CUDA debug giving unexpected results on 7.5 but expected ones on 6.1

Hi everyone,

I have a relatively complex application which runs entirely on CUDA. Today, in the middle of the development of a new feature, I used the -g and -G modes to debug the application on my RTX 2060 (sm and cc=7.5). When I ran the code on this mode though, I received an unexpected output, which at first glance seems to be caused by a slight disordering in some of the threads. I did not dive into this more deeply as that would be very time consuming.

However, I noticed that running the code with no debug mode, or even with both debug modes but compiled on 6.1 mode would give me the expected results.

Did any of you have any problems with the debug engine on Turing architectures when setting the compute and sm to 7.5?

Best regards and thanks so much for your time!

Without code to look at it’s impossible to know. But a guess is intra-warp thread synchronization, a.k.a. “implicit warp-synchronous programming”. There’s a discussion here. Section “Implicit Warp-Synchronous Programming is Unsafe” might be relevant.

Yeah I’m aware of the intra-warp thread synchronization. Point is, with no debug enabled, it works fine as I adapted the code to be synchronous-aware. However, for some reason, when I enable the debug mode with architecture 7.5 it does not give the expected output. I know that without a code it is impossible to know what is exactly happenning, but I don’t know how to make a minimal test unit to prove this problem. I was just wondering if anyone else experienced something similar to this before debugging my code to find the problem, just in case it is a cuda bug.

Thanks in advance for taking time to answer dlevi!

I’ve experienced cases where debug mode computes answers differently than release mode. Usually, it’s the case that there’s an issue, but it’s not being triggered in release mode.

Have you tested your code with cuda-memcheck?

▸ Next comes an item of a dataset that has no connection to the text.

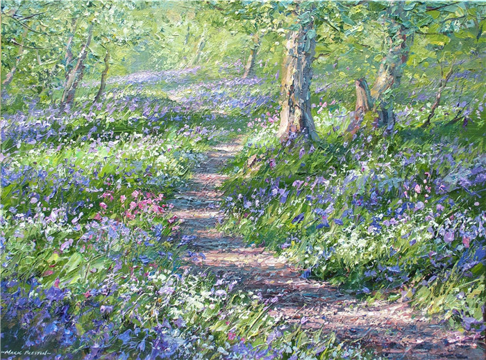简介: 马克·普雷斯顿(Mark Preston)高清油画-蓝铃草 Bluebells and Stitchwort Bramley Wood 18x24

If yes, did you test with all tools?

  1. cuda-memcheck --tool <racecheck/initcheck/synccheck/memcheck>
  2. cuda-memcheck --leak-check full


Sorry for taking so long to answer your post (a month!), I’ve been busy with other projects and could not come back. I did test it with cuda-memcheck. I use Visual Studio to test my application and debug it, and as so I don’t know if I can use racecheck, initcheck or synccheck, or if those are used when specifying “enable cuda memory checker”.

I will come back if I get further results, thank you so much for your time :)